• _Data_:
**********

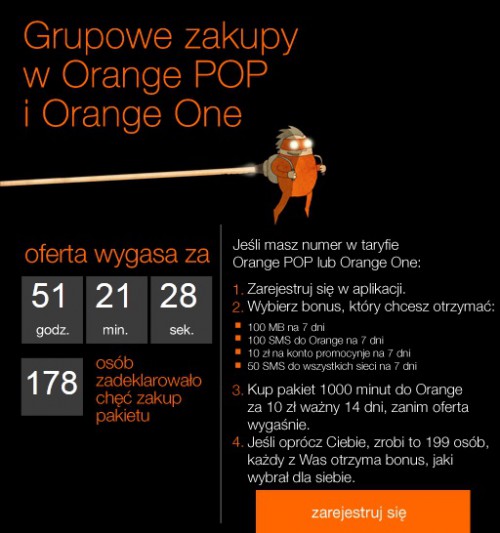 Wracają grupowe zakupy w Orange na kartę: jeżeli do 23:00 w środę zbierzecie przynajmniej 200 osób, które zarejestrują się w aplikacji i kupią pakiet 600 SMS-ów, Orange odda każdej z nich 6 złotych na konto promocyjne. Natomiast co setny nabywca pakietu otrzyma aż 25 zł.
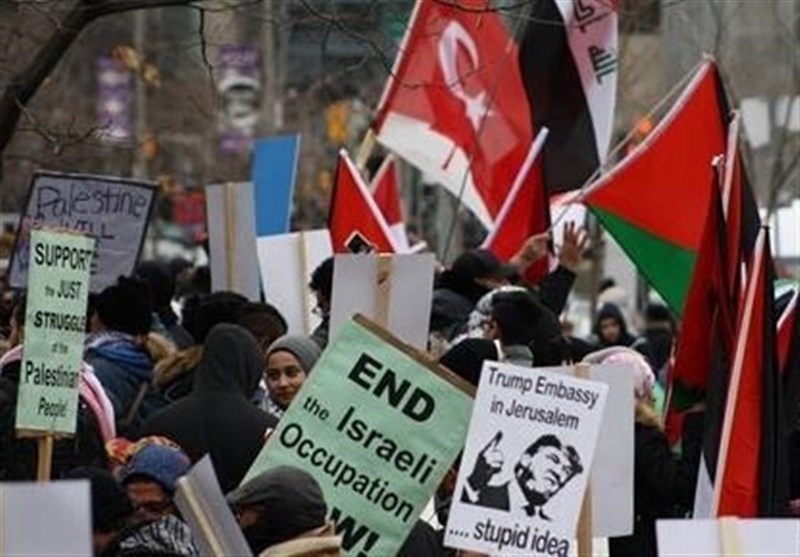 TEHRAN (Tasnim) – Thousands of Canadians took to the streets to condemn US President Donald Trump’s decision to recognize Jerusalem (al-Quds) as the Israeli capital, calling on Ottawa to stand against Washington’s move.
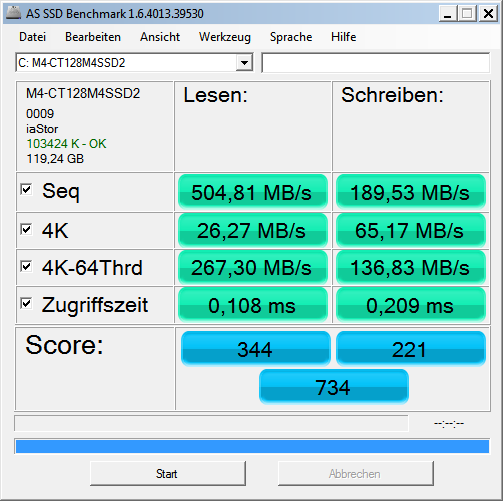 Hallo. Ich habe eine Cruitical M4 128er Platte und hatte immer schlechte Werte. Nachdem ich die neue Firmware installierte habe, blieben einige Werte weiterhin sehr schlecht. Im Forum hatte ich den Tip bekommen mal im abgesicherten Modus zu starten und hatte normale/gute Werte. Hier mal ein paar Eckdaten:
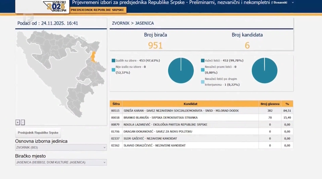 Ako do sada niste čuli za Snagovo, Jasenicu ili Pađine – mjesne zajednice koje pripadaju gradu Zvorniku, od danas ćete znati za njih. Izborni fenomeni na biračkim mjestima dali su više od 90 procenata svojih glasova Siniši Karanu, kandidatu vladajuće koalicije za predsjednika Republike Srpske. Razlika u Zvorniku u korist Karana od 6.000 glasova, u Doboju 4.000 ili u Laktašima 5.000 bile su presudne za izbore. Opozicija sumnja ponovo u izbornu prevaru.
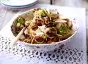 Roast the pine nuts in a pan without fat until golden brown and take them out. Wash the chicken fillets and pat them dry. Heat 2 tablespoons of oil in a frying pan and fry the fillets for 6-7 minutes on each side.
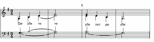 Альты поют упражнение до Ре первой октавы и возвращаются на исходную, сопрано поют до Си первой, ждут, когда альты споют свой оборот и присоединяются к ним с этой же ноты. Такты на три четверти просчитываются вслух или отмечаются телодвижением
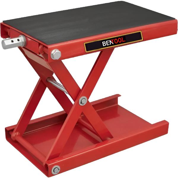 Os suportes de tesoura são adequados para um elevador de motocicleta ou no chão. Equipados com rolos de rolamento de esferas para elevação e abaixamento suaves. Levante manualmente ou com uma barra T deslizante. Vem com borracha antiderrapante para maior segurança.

**********

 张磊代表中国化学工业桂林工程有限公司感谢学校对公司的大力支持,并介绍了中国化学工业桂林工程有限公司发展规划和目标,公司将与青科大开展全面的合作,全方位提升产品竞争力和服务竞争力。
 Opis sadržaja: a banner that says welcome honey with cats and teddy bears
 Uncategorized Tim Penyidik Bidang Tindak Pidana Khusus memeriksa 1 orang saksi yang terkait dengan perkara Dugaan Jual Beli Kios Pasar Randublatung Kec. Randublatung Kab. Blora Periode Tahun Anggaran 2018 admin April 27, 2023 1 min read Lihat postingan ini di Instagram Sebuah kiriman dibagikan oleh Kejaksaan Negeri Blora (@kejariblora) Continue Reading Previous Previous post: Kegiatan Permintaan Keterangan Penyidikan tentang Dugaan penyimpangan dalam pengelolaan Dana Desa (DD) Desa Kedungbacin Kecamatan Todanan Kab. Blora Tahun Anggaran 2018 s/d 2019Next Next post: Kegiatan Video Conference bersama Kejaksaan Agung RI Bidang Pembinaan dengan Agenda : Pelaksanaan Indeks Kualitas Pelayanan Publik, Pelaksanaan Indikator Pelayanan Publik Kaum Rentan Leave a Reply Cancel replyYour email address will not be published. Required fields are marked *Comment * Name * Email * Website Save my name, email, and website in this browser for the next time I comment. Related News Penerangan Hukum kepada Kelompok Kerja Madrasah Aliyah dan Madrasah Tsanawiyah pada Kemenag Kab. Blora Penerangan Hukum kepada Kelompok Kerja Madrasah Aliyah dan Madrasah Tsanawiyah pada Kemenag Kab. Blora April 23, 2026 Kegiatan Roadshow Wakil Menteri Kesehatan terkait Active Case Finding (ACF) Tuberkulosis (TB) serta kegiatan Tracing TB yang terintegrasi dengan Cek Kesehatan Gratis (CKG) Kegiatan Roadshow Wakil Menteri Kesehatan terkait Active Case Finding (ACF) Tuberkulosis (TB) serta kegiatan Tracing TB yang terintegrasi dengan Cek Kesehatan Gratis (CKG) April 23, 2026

**********

• _Task brief_:
The answer is the lines above from the one with "Wracają grupowe zakupy" to the one with "Hallo. Ich habe", set down exactly, with no pictures.

• _Solution to this task_:
 Wracają grupowe zakupy w Orange na kartę: jeżeli do 23:00 w środę zbierzecie przynajmniej 200 osób, które zarejestrują się w aplikacji i kupią pakiet 600 SMS-ów, Orange odda każdej z nich 6 złotych na konto promocyjne. Natomiast co setny nabywca pakietu otrzyma aż 25 zł.
 TEHRAN (Tasnim) – Thousands of Canadians took to the streets to condemn US President Donald Trump’s decision to recognize Jerusalem (al-Quds) as the Israeli capital, calling on Ottawa to stand against Washington’s move.
 Hallo. Ich habe eine Cruitical M4 128er Platte und hatte immer schlechte Werte. Nachdem ich die neue Firmware installierte habe, blieben einige Werte weiterhin sehr schlecht. Im Forum hatte ich den Tip bekommen mal im abgesicherten Modus zu starten und hatte normale/gute Werte. Hier mal ein paar Eckdaten:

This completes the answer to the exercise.